Subjective Algorithms and Feminist Critiques
Citing Zeynep Tufekci, Aaron talks about how algorithms are increasingly making subjective decisions in cases where there may not be a right or wrong answer. Responding to Zeynep, Aaron talks about debates on Wikipedia where machine learning systems might learn cultural biases from Wikipedians and then keep out contributions from people who have alternative views. The Wikipedia:Labels initiative supports people to review and correct this problem of feedback loops. Aaron also talks about other feminist-inspired work, where he’s moved away from building specific tools for people.
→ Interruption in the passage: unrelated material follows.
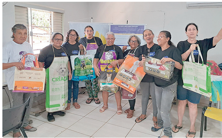
A 3ª edição iniciou em dezembro e transformou a vida dos participantes

A programação do encerramento inclui ainda uma feira com exposição dos trabalhos realizados nas oficinas – corte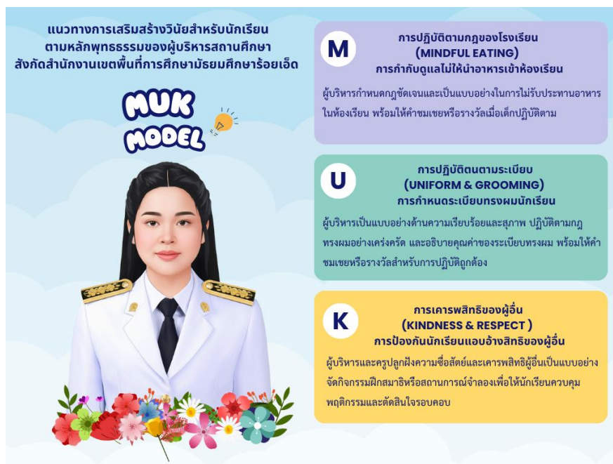
ภาพประกอบ 2 องค์ความรู้จากการวิจัย MUK MODEL

Now as an employee of the Wikimedia foundation, Aaron focuses on developing infrastructures that make it easier for other people to do their own tinkering and ask their own questions.
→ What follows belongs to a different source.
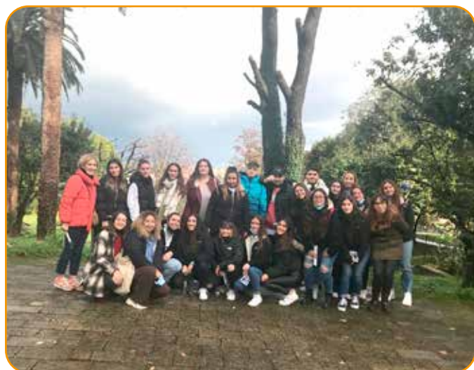
La mascarilla se ha retirado para realizar la fotografía

Con el objetivo de acercarse al mundo laboral y conocer la escuela infantil de 0 a 2 años, el alumnado de 2º de Educación Infantil se ha acercado a la escuela Txikitxu en Portugalete.

Erhardt asks how Aaron handles the process of people proposing things that could go into the machine learning systems. Answer: Aaron often gives this talk at conferences and hackathons. Rather than ask them directly what features should go into the models, he asks Wikipedians what their backlogs are asks them to describe their backlogs. He also reaches out to Wikimedians who are central to communities across a wide range of languages.

Another participant asks how the social networks of Wikipedia participation are changing over time. Aaron talks about all of the implicit interactions that people have, even when people aren’t talking directly to each other. He’s been developing efficient datastructures that support people to collect data and ask questions about interactions on the site.

Question: you showed us an undesirable feedback loop. How could positive feedback loops be identified? Aaron talks to us about the WikiCredit project. Often, subject matter experts choose not to participate in Wikipedia because they can’t necessarily be credited for their contributions. For example, if you edit articles that get many page views, it might be valuable, but the article on Breaking Bad gets far more views than the article on Chemistry. Halfaker is trying to work on a set of measurements that capture aspects of importance, it might help people evaluate their work in meaningful ways. He wants to create recommendation systems that will help people find articles where they could have impact. He also wants a way for academics to be able to point to the impact of their contributions to Wikipedia.

Erhardt asks about the biological metaphor that Aaron uses: we know that there are situations where immune systems go haywire. Is the standpoint problem part of the issue? Might the machine learning systems flash crash like algorithmic trading? Aaron agrees that these are risks as well, and for that reason, he’s curious to think about the immune systems within complex systems– he’s looking for immunologists whoare

I asked Aaron Halfaker about the way that he’s taken into account critiques from feminist researchers when designing new quantitative systems. Is there a way to include qualitative methodologies into the work that he’s doing? Aaron talks about the importance of finding collaborators who aren’t like him and listening to people who may not even be expert researchers.